Let’s manually approximate a simple function with a ReLU neural network
Trying to get an intuitive understanding how they work
I was playing around with a homemade implementation of a neural network with Rectified Linear Units as the basic building blocks. I’d read that a network with a single hidden layer of these should in principle be capable of approximating any continuous 1-dimensional function, but had some trouble intuitively grasping why that should be true. The underlying principle is that we generate a piecewise-linear approximation of whatever the real function is, which is clear enough. But what happens with the input values as they flow through the network?
Let’s start at the beginning: the ReLU activation function is simply this:
f(x) = max(0, x)
It’s just the input value if that is greater or equal 0, or otherwise 0.
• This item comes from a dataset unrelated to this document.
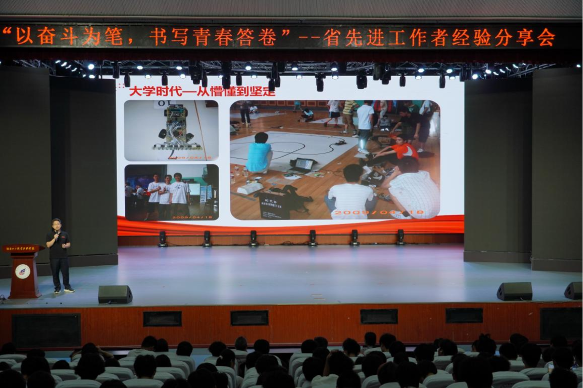 6月5日,现代信息工程学院在学校大礼堂举行了“以奋斗为笔 书写青春答卷——省先进工作者经验分享会”?;疃匮昂鲜∠冉ぷ髡摺被竦谜?、学院专任教师刘志芳进行专题讲座。学院班子成员、全体科级干部、专职辅导员及学院2023级、2024级近千名学生参加了本次活动。活动由侯小毛主持。

We can use these units in a neural network, in this case we have 1 input neuron, 3 ReLUs in the hidden layer and 1 output neuron:
Each ReLU has one bias value and one weight (b and v values) so the output of the entire unit in respect to its single input x is:
f(x) = max(0, b + v*x)
The output neuron accumulates the weighted outputs of each ReLU. It is itself NOT a ReLU, or we could only generate functions that have no negative values! The output z is then, in respect to ReLU output values r1, r2, r3:
z=b0 + w1*r1 + w2*r2 + w3*r3
What comes out of each ReLU in isolation?
Given a bias and a weight value, we can visualize that each ReLU in the hidden layer generates a “ray” starting somewhere on the x-axis which radiates in some (always upward!) direction, and anywhere else is 0. Some examples of ReLU outputs:
The output neuron will multiply each of these inputs with a certain value, which can be interpreted as scaling them vertically (or inverting them if the weight is negative). All the scaled ReLUs are combined by adding them up, and then the output’s bias moves the whole thing up or down vertically.
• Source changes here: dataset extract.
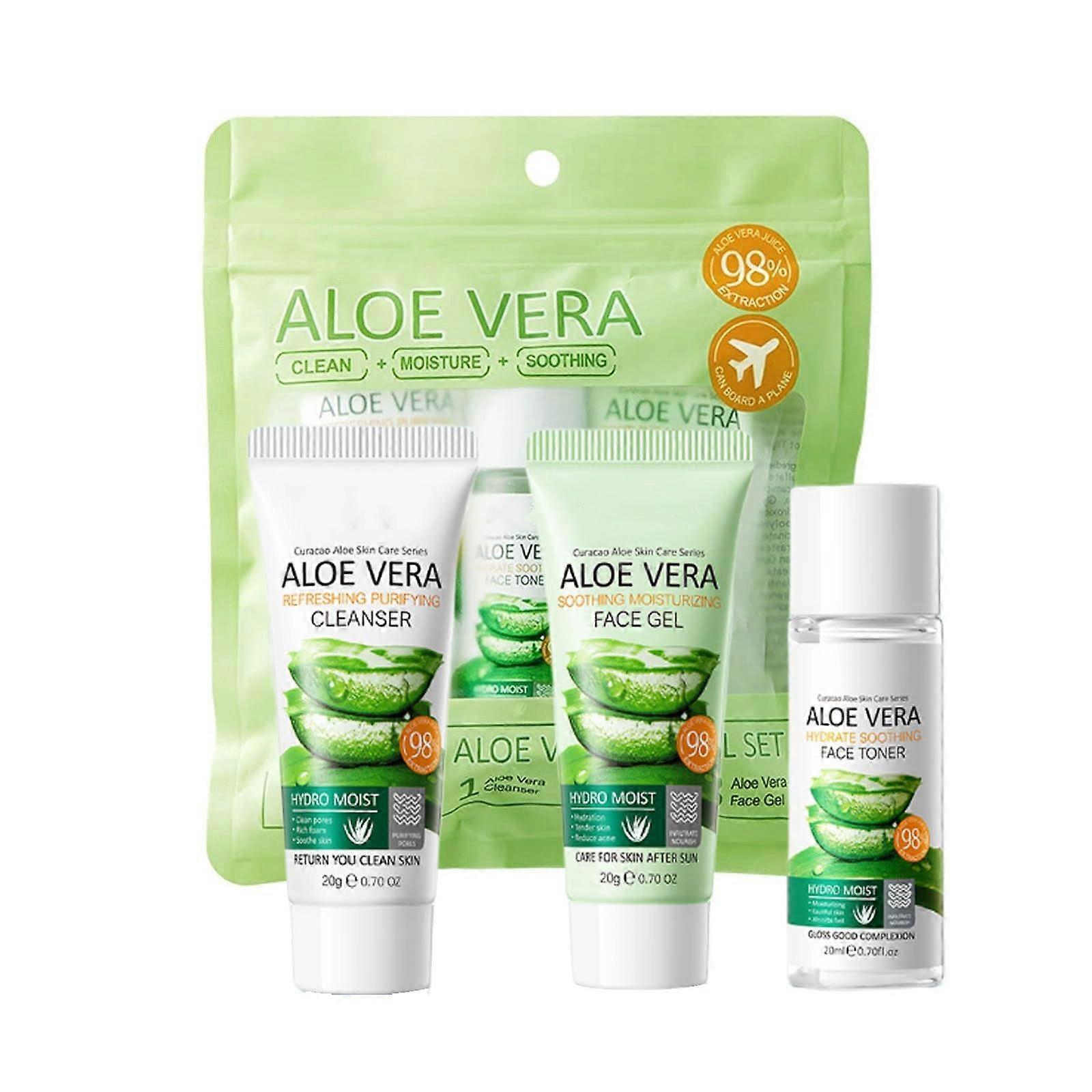Travel Size Skincare Set with Aloe Vera Cleanser Gel Toner, 3 Piece Deep Hydration Face Kit for Women

Building a piecewise-linear function
Let’s say we have been given a function to approximate which is defined by 3 line segments (we only care about the input range -1 ≤ x ≤ 1) between these 4 points:
The graph looks like this:
I would like to use each ReLU to generate one line segment each, starting with the leftmost segment being generated by ReLU 1, and then each following segment being generated by the next ReLU. With 3 segments we should need 3 ReLUs.
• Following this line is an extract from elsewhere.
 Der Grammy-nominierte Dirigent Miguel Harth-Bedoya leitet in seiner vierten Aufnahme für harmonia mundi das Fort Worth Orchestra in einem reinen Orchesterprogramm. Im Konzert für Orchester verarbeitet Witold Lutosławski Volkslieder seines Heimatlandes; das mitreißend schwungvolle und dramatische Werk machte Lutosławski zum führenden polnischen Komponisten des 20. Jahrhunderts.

I found this trick to simplify the construction: we can hold the weights of the ReLUs at 1, and simply adjust their bias to move the generated “ray” left and right until the starting point is the starting x value of the segment the ReLU is supposed to generate. Then we adjust the relevant output weight so we get the desired direction of the ray. What this means is that each ReLU “bends” the previous ReLU’s ray into the direction we need for the new segment (because we effectively add one linear function to another, yielding a different linear function). So we start with these rays as the outputs of each ReLU, giving us the bias values b1, b2, b3 (=1, 0.5, 0) and all ReLU weights v1=v2=v3=0:
The first ReLU generates the first line segment, for which we will need to set the ray direction (requiring the associated output weight w1=4). We also need to set the output bias so that it starts at the correct y-axis position (b0=-1):
Now we hold the known values and adjust the output weight for ReLU 2 to generate segment 2 (yielding w2=-8):
And finally we do segment 3 with ReLU 3 (yielding w3=5 for the output weight):
So in principle using this approach we should be able to generate any piecewise linear (1-dimensional) function of N segments with a network that has N ReLUs in the hidden layer.
Thinking about what this means for generating the network’s parameters with e.g. a stochastic algorithm, it’s clear that depending on the ReLU “rays” setup twiddling some parameters will have a greater impact on the entire function than others. For example, in the completed network changing the weight associated with ReLU 1 also affects everything to the right of segment 1:
Whereas changes to ReLU3-related parameter only moves that segment:
Next I’d like to look into the effect of having more than 1 hidden layers in a ReLU network.